This great increase of the quantity of work, which, in consequence of the division of labour, the same number of people are capable of performing, is owing to three different circumstances; first, to the increase of dexterity in every particular workman; secondly, to the saving of the time which is commonly lost in passing from one species of work to another; and lastly, to the invention of a great number of machines which facilitate and abridge labour, and enable one man to do the work of many.

First, the improvement of the dexterity of the workman necessarily increases the quantity of the work he can perform; and the division of labour, by reducing every man's business to some one simple operation, and by making this operation the sole employment of his life, necessarily increases very much the dexterity of the workman.

A common smith, who, though accustomed to handle the hammer, has never been used to make nails, if upon some particular occasion he is obliged to attempt it, will scarce, I am assured, be able to make above two or three hundred nails in a day, and those too very bad ones. A smith who has been accustomed to make nails, but whose sole or principal business has not been that of a nailer, can seldom with his utmost diligence make more than eight hundred or a thousand nails in a day. I have seen several boys under twenty years of age who had never exercised any other trade but that of making nails, and who, when they exerted themselves, could make, each of them, upwards of two thousand three hundred nails in a day. The making of a nail, however, is by no means one of the simplest operations. The same person blows the bellows, stirs or mends the fire as there is occasion, heats the iron, and forges every part of the nail: In forging the head too he is obliged to change his tools. The different operations into which the making of a pin, or of a metal button, is subdivided, are all of them much more simple, and the dexterity of the person, of whose life it has been the sole business to perform them, is usually much greater. The rapidity with which some of the operations of those manufactures are performed, exceeds what the human hand could, by those who had never seen them, be supposed capable of acquiring.

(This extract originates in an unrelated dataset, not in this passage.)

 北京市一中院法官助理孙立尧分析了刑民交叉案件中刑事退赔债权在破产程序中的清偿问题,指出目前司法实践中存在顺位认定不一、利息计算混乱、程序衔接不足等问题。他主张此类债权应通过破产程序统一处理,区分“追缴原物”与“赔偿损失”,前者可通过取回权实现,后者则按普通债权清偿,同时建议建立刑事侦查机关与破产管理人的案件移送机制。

Secondly, the advantage which is gained by saving the time commonly lost in passing from one sort of work to another, is much greater than we should at first view be apt to imagine it. It is impossible to pass very quickly from one kind of work to another, that is carried on in a different place, and with quite different tools. A country weaver, who cultivates a small farm, must lose a good deal of time in passing from his loom to the field, and from the field to his loom. When the two trades can be carried on in the same workhouse, the loss of time is no doubt much less. It is even in this case, however, very considerable. A man commonly saunters a little in turning his hand from one sort of employment to another. When he first begins the new work he is seldom very keen and hearty; his mind, as they say, does not go to it, and for some time he rather trifles than applies to good purpose. The habit of sauntering and of indolent careless application, which is naturally, or rather necessarily acquired by every country workman who is obliged to change his work and his tools every half hour, and to apply his hand in twenty different ways almost every day of his life; renders him almost always slothful and lazy, and incapable of any vigorous application even on the most pressing occasions. Independent, therefore, of his deficiency in point of dexterity, this cause alone must always reduce considerably the quantity of work which he is capable of performing.

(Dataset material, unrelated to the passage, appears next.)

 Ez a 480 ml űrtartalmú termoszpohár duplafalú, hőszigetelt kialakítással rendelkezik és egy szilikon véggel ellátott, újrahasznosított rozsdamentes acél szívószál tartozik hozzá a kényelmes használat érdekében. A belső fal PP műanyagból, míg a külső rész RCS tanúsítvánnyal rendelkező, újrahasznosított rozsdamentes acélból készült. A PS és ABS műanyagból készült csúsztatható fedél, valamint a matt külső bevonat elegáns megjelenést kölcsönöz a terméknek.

Thirdly, and lastly, every body must be sensible how much labour is facilitated and abridged by the application of proper machinery. It is unnecessary to give any example. I shall only observe, therefore, that the invention of all those machines by which labour is so much facilitated and abridged, seems to have been originally owing to the division of labour. Men are much more likely to discover easier and readier methods of attaining any object, when the whole attention of their minds is directed towards that single object, than when it is dissipated among a great variety of things. But in consequence of the division of labour, the whole of every man's attention comes naturally to be directed towards some one very simple object. It is naturally to be expected, therefore, that some one or other of those who are employed in each particular branch of labour should soon find out easier and readier methods of performing their own particular work, wherever the nature of it admits of such improvement. A great part of the machines made use of in those manufactures in which labour is most subdivided, were originally the inventions of common workmen, who, being each of them employed in some very simple operation, naturally turned their thoughts towards finding out easier and readier methods of performing it. Whoever has been much accustomed to visit such manufactures, must frequently have been shewn very pretty machines, which were the inventions of such workmen, in order to facilitate and quicken their own particular part of the work. In the first fire-engines, a boy was constantly employed to open and shut alternately the communication between the boiler and the cylinder, according as the piston either ascended or descended. One of those boys, who loved to play with his companions, observed that, by tying a string from the handle of the valve which opened this communication to another part of the machine, the valve would open and shut without his assistance, and leave him at liberty to divert himself with his play-fellows. One of the greatest improvements that has been made upon this machine, since it was first invented, was in this manner the discovery of a boy who wanted to save his own labour.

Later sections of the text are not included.